I knew Rivers & Co. would encounter some serious struggles without Vincent Jackson and stuck with Legedu Naanne, Michael Floyd, Antonio Gates (who late dealt with an injury) and Ryan Matthews, who had little to no experience in the passing game. Well as it turns out, wasn’t the main reason for the disappointing season. Rather, it was a gosh-awful special teams unit.
But that doesn’t change the fact that I was right, despite everyone else telling me there was no way I would be. And that also doesn’t change the fact that while I’ll probably be wrong for the exact reason for the results again, I can guarantee you San Diego will crack the playoffs in 2011.
That’s right. The door to famine has been shut tight and the door to feast has been pulled wide open. (I digress.) The team returns healthy, better equipped on offense, defense and most importantly, on special teams. And while Oakland and Kansas City could present a challenge, and probably will, the two teams don’t have the same power as the Chargers.

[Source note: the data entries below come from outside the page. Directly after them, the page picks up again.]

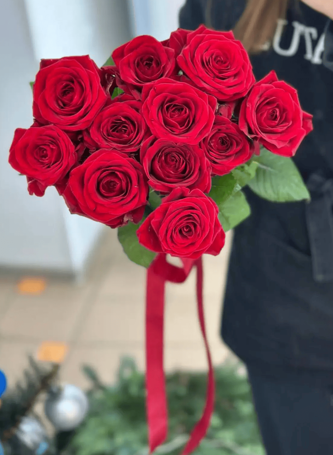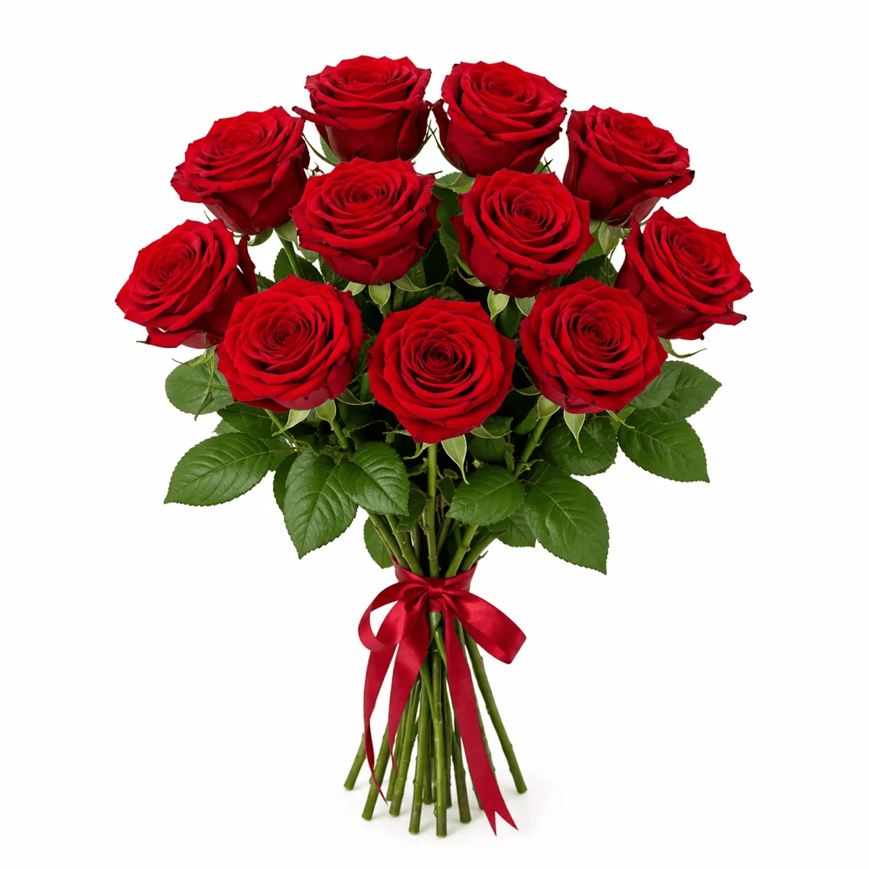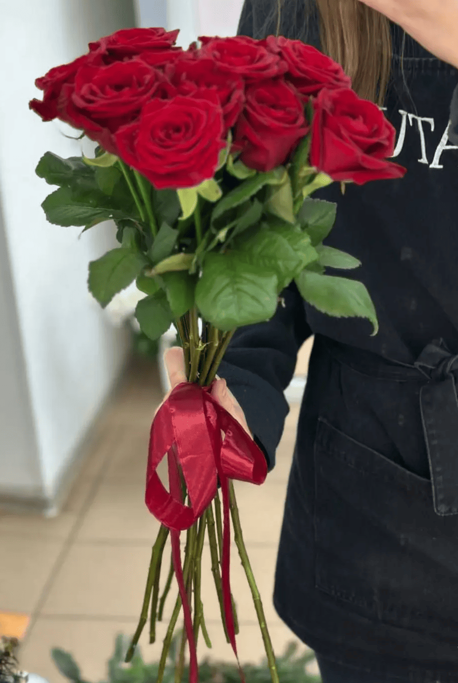 Букет из 11 красных роз под ленту - это элегантное и выразительное признание в чувствах. Насыщенные алые бутоны символизируют любовь, страсть и искреннее восхищение, а лаконичное оформление без упаковки делает акцент на природной красоте цветов.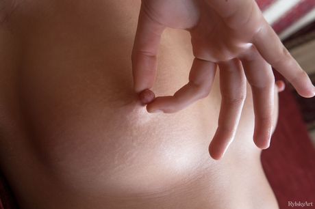 Young redhead Genie Agila models totally naked in a carefree fashion You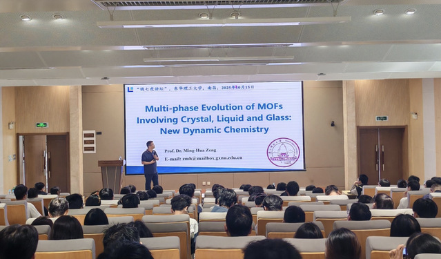 10月15日,国家级高层次人才、广西师范大学曾明华教授应邀做客万搏官网入口_万搏中国“万搏官网入口_万搏中国”,作了题为《Multi-Phase Evolution of MOFs involving Crystal, Liquid and Glass: New Dynamic Chemistry》的学术报告。校党委常委、副校长朱笃主持,学校200余名师生参加。

What are the keys to a Super Bowl run? It starts with the beginning of the season. Week 1 is Minnesota, Week 2 is at New England, next up is Kansas City and Miami back-to-back at home, followed with another division clash with Denver on the road before taking a bye in Week 6.
Worst-case scenario you’re looking at 3-2 and well-rested heading into New York on October 23rd after the bye week. Best-case unbeaten, with the worst—the start of the season—behind them.
What other keys? Stay balanced on offense, add a weapon to the aerial attack, especially if Malcolm Floyd or Vincent Jackson departs and find an answer at safety if Eric Weddle doesn’t make his way back into a Chargers uniform. In any case, I see this team in the playoffs in 2011.
Note that just because I’m guaranteeing postseason play doesn’t necessarily mean that ensures Norv Turner will be back as head coach in 2012.
Harry How/Getty Images
Ryan Mathews had big shoes to fill after LaDanian Tomlinson spoiled the San Diego Chargers fans for years. But after last season's sub-par performance plagued with injury, many people are starting to question A.J. Smith's decision to draft Mathews.
Mathews enters this season with less hype than in the last, as well as a very long offseason which should bring him to 100 percent.
The stage is set. He has to prove this season he has what it takes to release some of the pressure off Philip Rivers and carry a load of his own. Mathews should expect to see the ball in his hands quite a bit this season, giving him an opportunity to prove himself since it's still questionable whether Darren Sproles will return.
The San Diego Union-Tribune's Kevin Acee implies that the Chargers still have "several concerns" about Ryan Mathews after a disappointing rookie season.
"It's nothing that won't be forgotten with a breakout season. Mathews' talent isn't in question, but NFL head coaches grow frustrated when their starters aren't available. Mathews spent the majority of the 2010 season in the trainers room with a high-ankle sprain (in addition to a minor elbow injury) before undergoing wrist surgery in January."
Even if Mathews returns this upcoming season at 100 percent, he will be sharing some carries with big-man Mike Tolbert and sixth-round draft pick Jordan Todman out of UConn, which should help him ease into his role as a first-down back.
Either way, Mathews will have to prove he can play better than he did last season, when he broke 100 yards rushing in only one of his 14 starts and fumbled the football five times.
If Ryan Mathews improves his performance on the field and Philip Rivers remains as dominant as last season, look out for the San Diego Chargers to regain the top spot in the AFC West.